- [REQUIRED WORK] The output must contain exactly the lines from the top of the listing below through the line containing "6、水(蒸留水を推奨)を網の", and no pictures.

- [GIVEN MATERIAL]
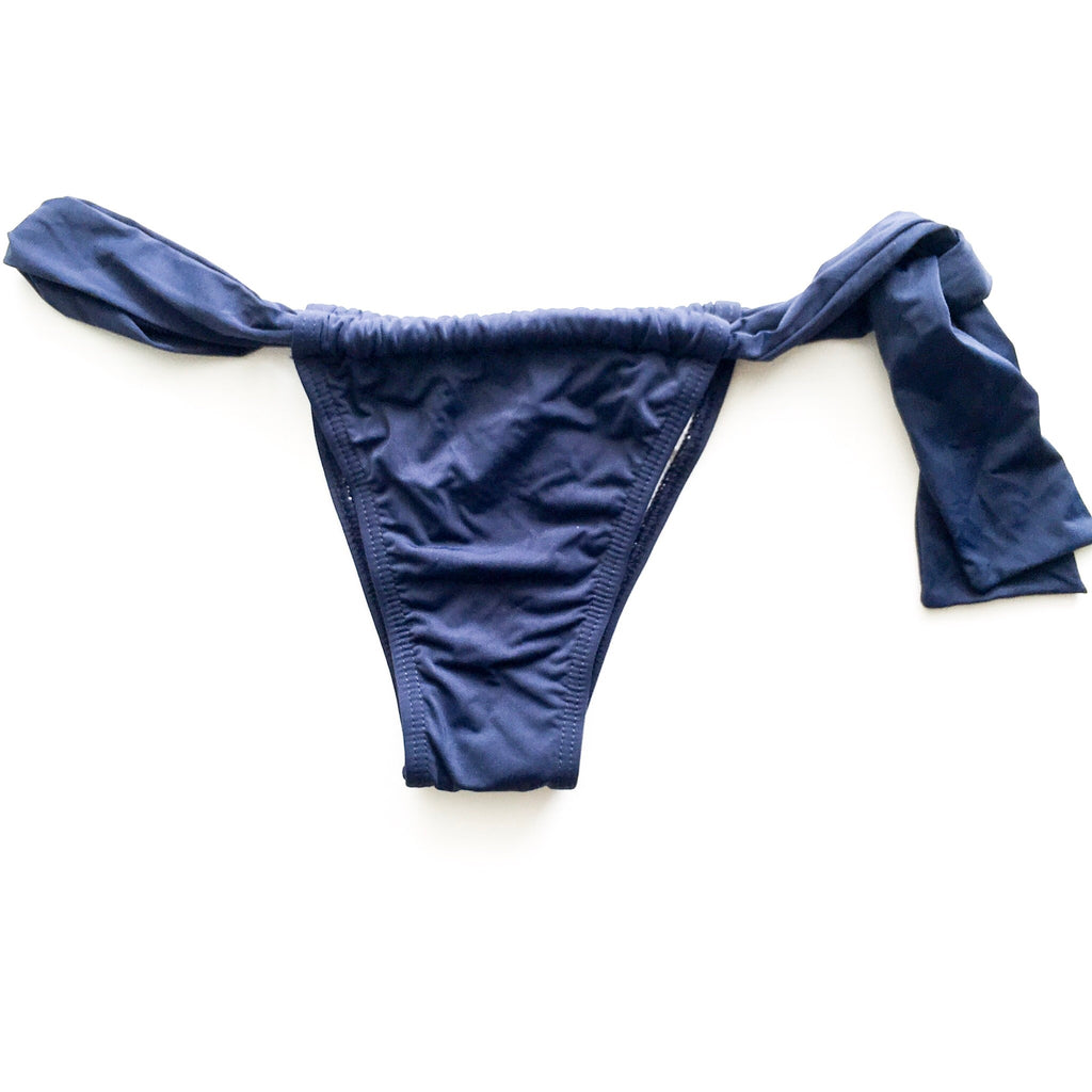 The famous Brazilian bikini bottom, renowned for its cheeky fit enhancing the curves of the body. Exuding glamour and sophistication in a classic navy colouring. Featuring one side tie, this style is ideal for bronzing in the sun on hot summer days.
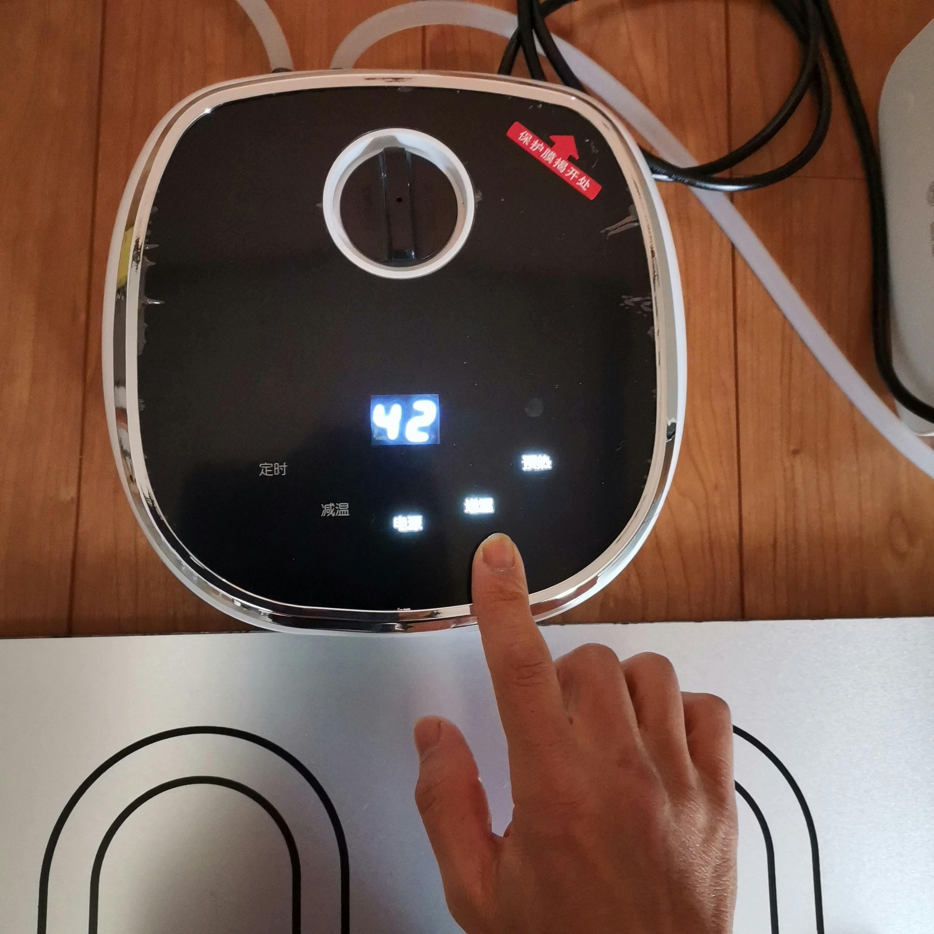 6、水(蒸留水を推奨)を網の目まで入れ蓋をする。直接触れるかリモコンで温水調節する。
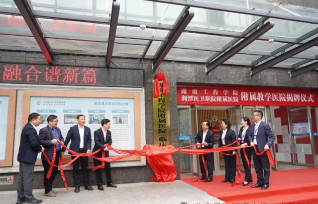 黄昕充分肯定了湘潭医卫职院附属医院的发展态势以及教学医院的经验和优势。他认为,这次具有历史意义的医工融合合作将铭刻进双方的发展史册,也将助推健康卫生事业的发展。这次合作开创湖南之先河,打造医工融合创新共同体;树立教育之标杆,打造医教协同育人共同体;建设服务之高地,打造服务卫生健康共同体。今天的挂牌只是一个开始,未来的美好前景将徐徐而来,双方将共同开展教学、科研等方面的深度融合,共同培养高素质型医工融合复合型人才,探索医学教育新模式,更好地助力“健康中国”“健康湖南”“健康湘潭”战略目标,担负起守卫人民生命健康的责任和使命。

- [RESPONSE AREA]
 The famous Brazilian bikini bottom, renowned for its cheeky fit enhancing the curves of the body. Exuding glamour and sophistication in a classic navy colouring. Featuring one side tie, this style is ideal for bronzing in the sun on hot summer days.
 6、水(蒸留水を推奨)を網の目まで入れ蓋をする。直接触れるかリモコンで温水調節する。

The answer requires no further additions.